Basketball is a 2013 South Korean television series starring Do Ji-han, Lee Elijah and Jung Dong-hyun. It aired on cable channel tvN from October 21 to December 31, 2013 on Mondays and Tuesdays at 22:00 (KST) for 18 episodes.

==Plot==
Set during the turbulent years of the Japanese occupation until independence, and a few years before the division of Korea into North and South, the story is about aspiring basketball players from various background and their life.
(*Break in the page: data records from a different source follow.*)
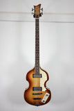 Fitted with two Greco humbuckers and the traditional Hofner-style control panel (Rhythm/Solo, Bass On, Treble On, dual volumes). Hardware includes a floating wooden bridge, trapeze tailpiec, set neck, and rosewood fingerboard. Non original knobs.
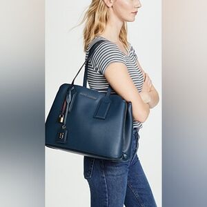 MARC JACOBS Editor Leather Tote Bag Blue Sea Navy Red Everyday Versatile Classic
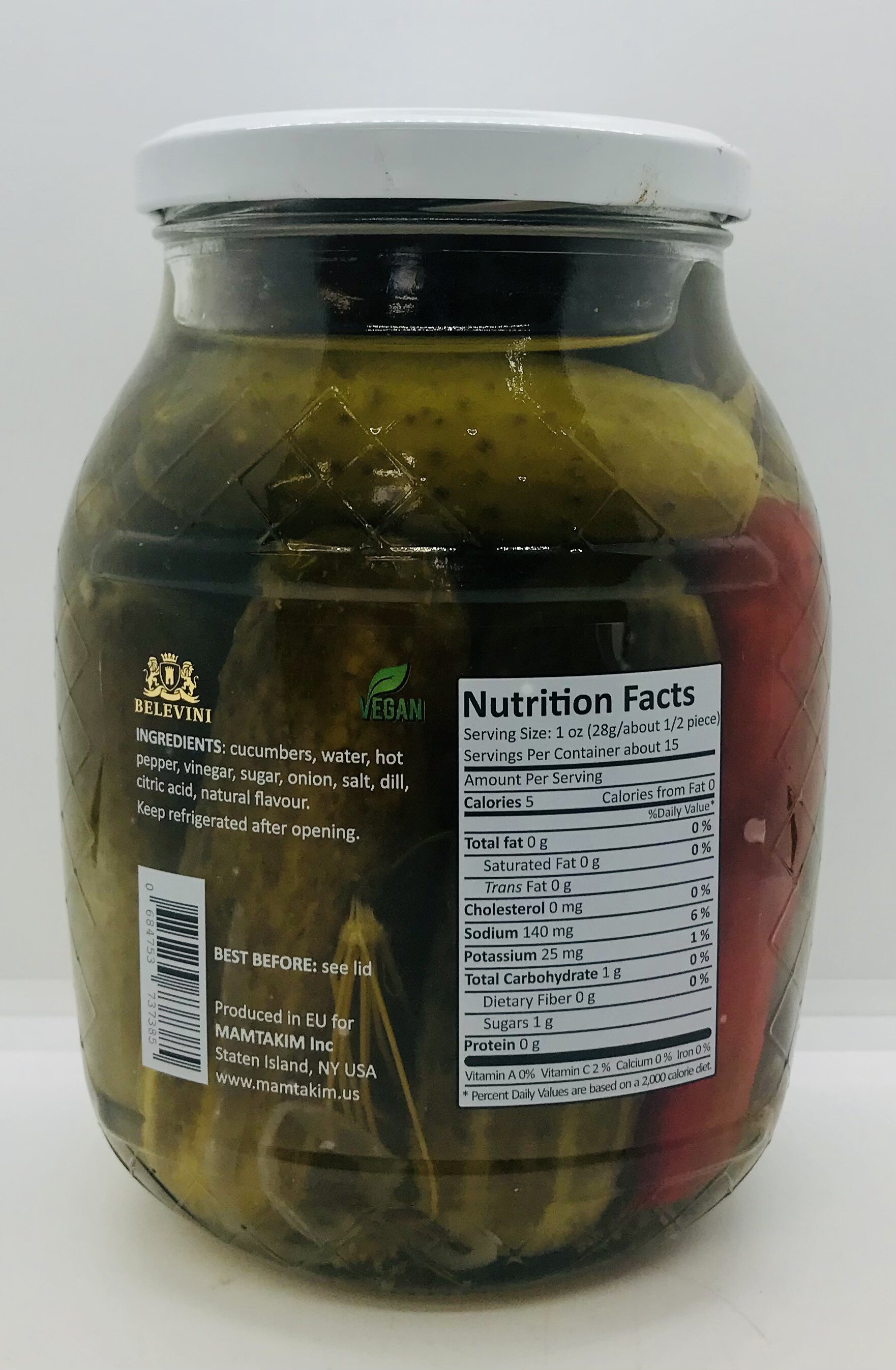 Cucumbers, water, hot pepper, vinegar, sugar, onion, salt, dill, citric acid, natural flavour.
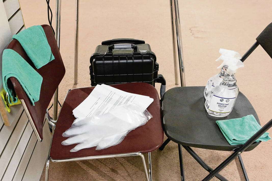 Carla Clark | For The Republic Some of the disinfecting supplies at the voting center located at Nexus Park in Columbus, Indiana, Tuesday, April 5, 2022.
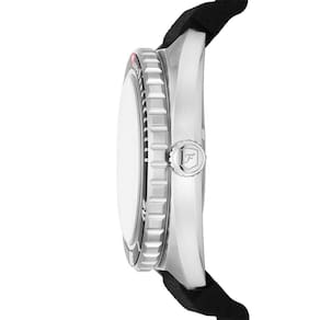 A caixa de aço inoxidável prata de 42 mm abriga um mostrador preto com textura ondulada que remete ao fundo do mar, realçado por marcadores circulares luminosos e ponteiros de alta visibilidade, incluindo um ponteiro de segundos em vermelho vibrante. O aro giratório unidirecional com escala de 60 minutos reforça o apelo esportivo e utilitário do relógio.
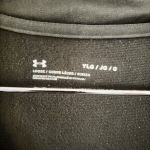 This pre-owned Under Amour jacket is perfect for the cool fall days. The color is gray with a black strap down the center of the sleeves. The closure is a full front zipper, there is a pocket of both sides of the zipper. Made from 100% polyester it is machine wash.
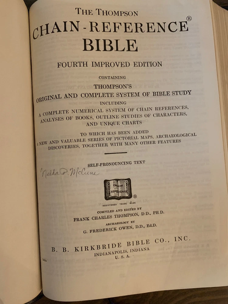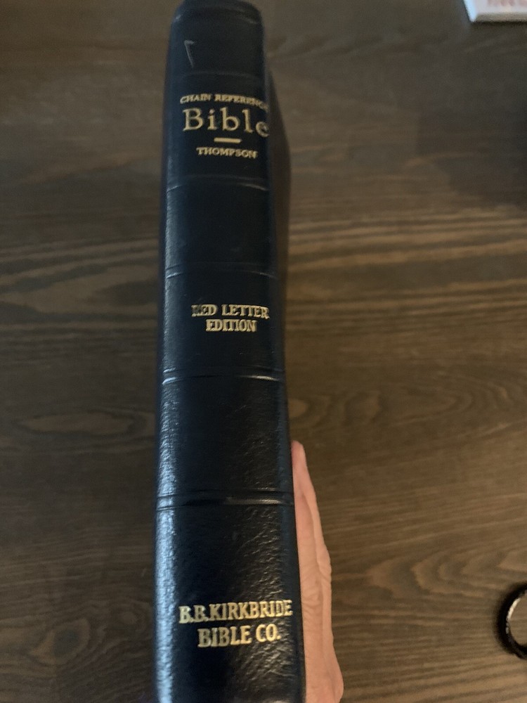 Chain Reference Bible KJV Thompson 1964 Bonded Leather Lined Kirkbride Black. See photos for condition There is a page torn out at the front There is some writing but not at all extensive throughout...
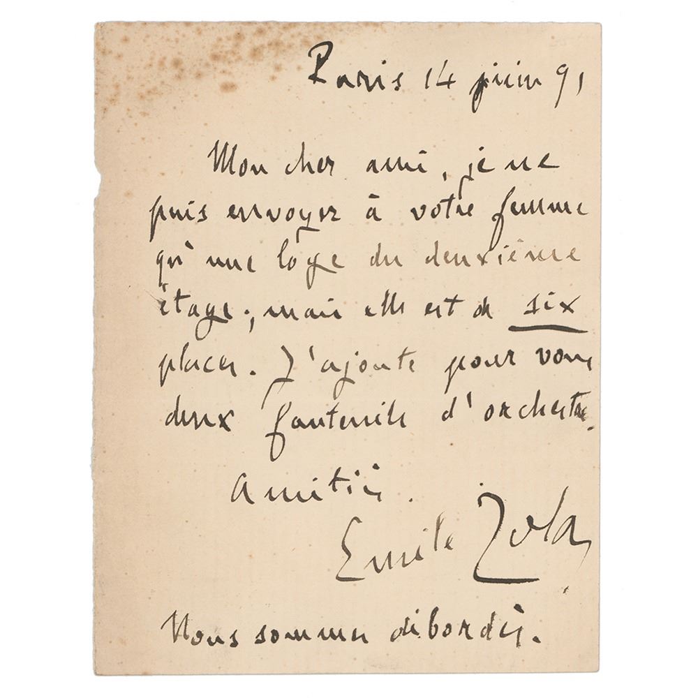 Untranslated ALS in French, 4 x 5.25, June 14, 1891. Written from Paris, a letter to an unnamed friend concerning tickets to an orchestral concert. In very good to fine condition, with spotty staining to the upper left corner.
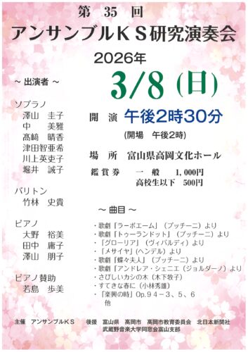 第35回アンサンブルKS研究演奏会[更新日] 2026-02-06
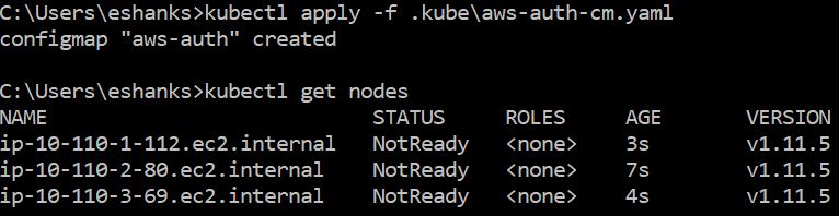 After we run the command our cluster should be fully working. We can run “get nodes” to see the worker nodes listed in the cluster.
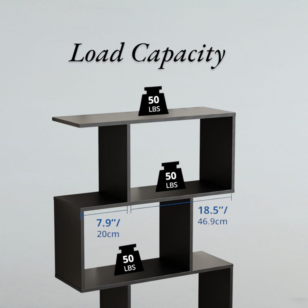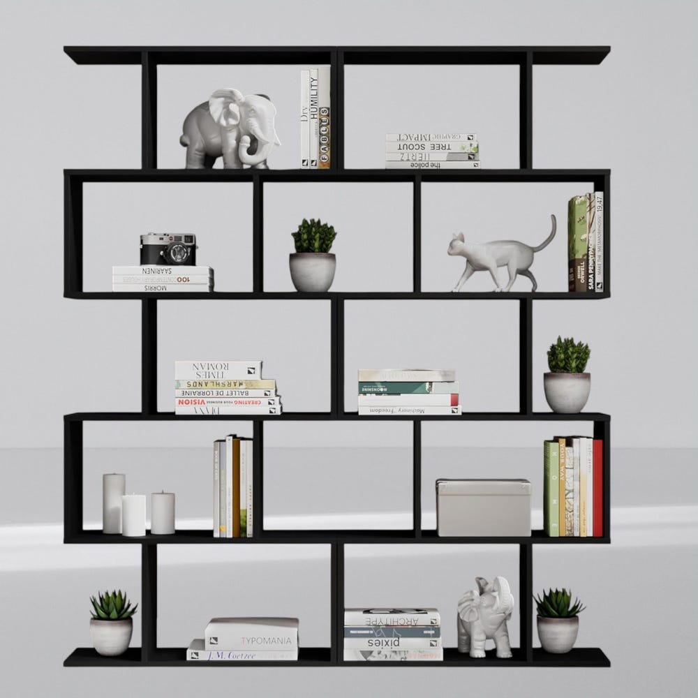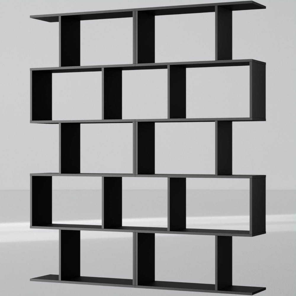 5-Tier S-Shaped Geometric Bookcases (Black, 62.6″ Tall) | Modern Room Divider & Display Shelves for Living Room, Office, Bedroom -Set of 2
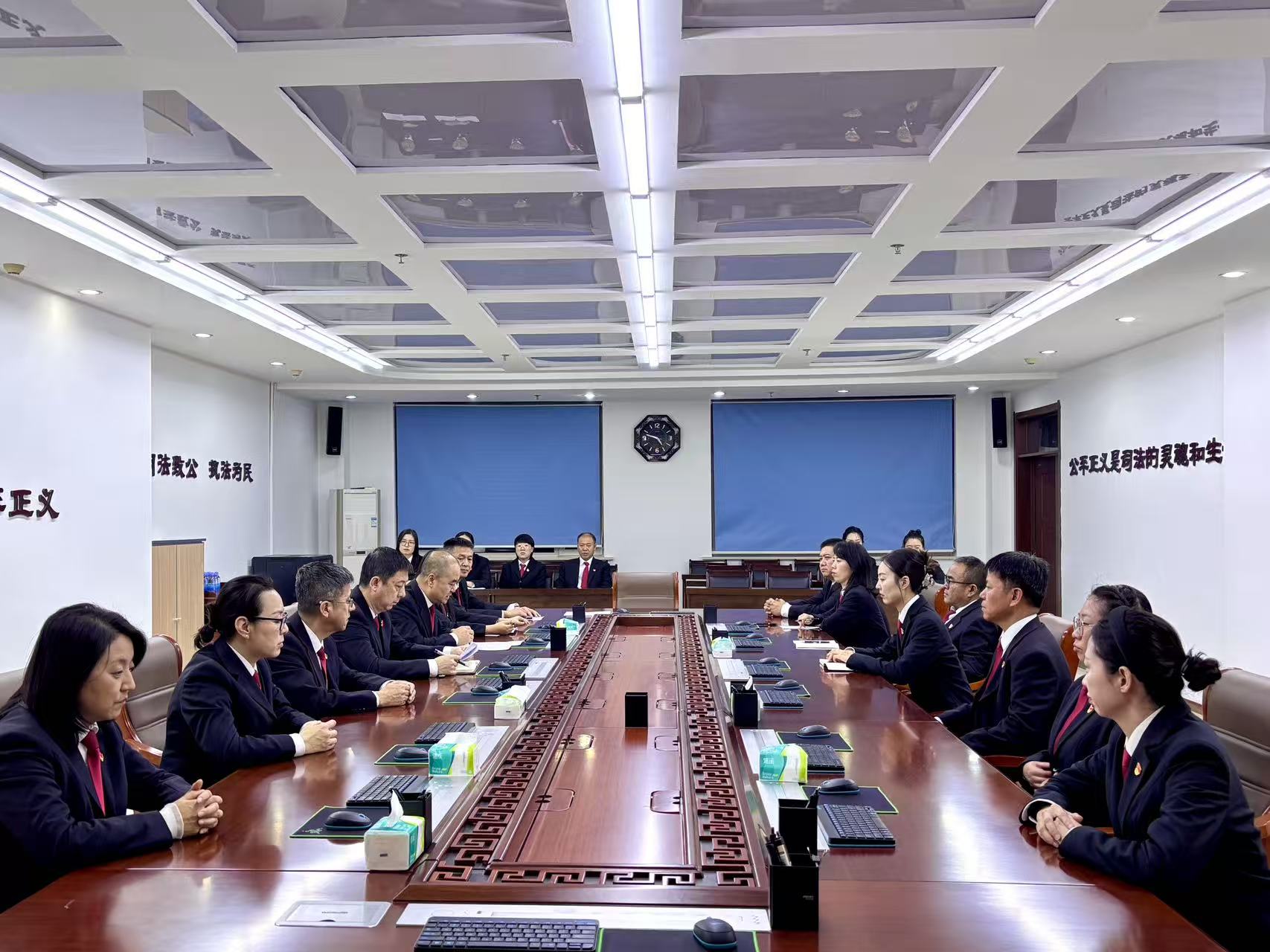 随后党支部书记领学《习近平谈治国理政》第五卷重要篇章,讲解习近平总书记关于法治建设的重要论述,引导党员干警深刻理解其内涵和意义,并强调学习《习近平谈治国理政》第五卷的重要意义。书记领学后党员干警围绕学习内容,结合自身工作岗位展开了热烈讨论。

The drama follows the loves, conflicts, unity, and emotional victory of young athletes who cling to the sport as the bright spot in the darkness of their times.

==Cast==
- Do Ji-han as Kang San, protagonist who grows up in the late 1930s in a dirt-poor village, and dreams of overcoming a life of poverty and hardship by finding success as part of the national basketball team.
- Lee Elijah as Choi Shin-young, who comes from a rich family in the capital Kyeongseong (now Seoul) and attended school in Japan, after which she returns to Korea and begins working as a magazine reporter. Kang San falls in love with her despite the disparity in their social standing.
- Jung Dong-hyun as Min Chi-ho, a basketball star enjoying nationwide popularity. With his fame, he inspires pride and spirit in his compatriots in the midst of the difficulties suffered during the Japanese occupation. He and Kang San become rivals in basketball and love.
- Gong Hyung-jin as Gong Yoon-bae
- Kim Eung-soo as Choi Je-gook
- Park Ye-eun as Go Bong-soon, a maid who speaks with a Chungcheong dialect. She came to work for Shin-young's family after her family lost its land during the Japanese occupation. She has a bright character and a knack at finding realistic solutions to problems.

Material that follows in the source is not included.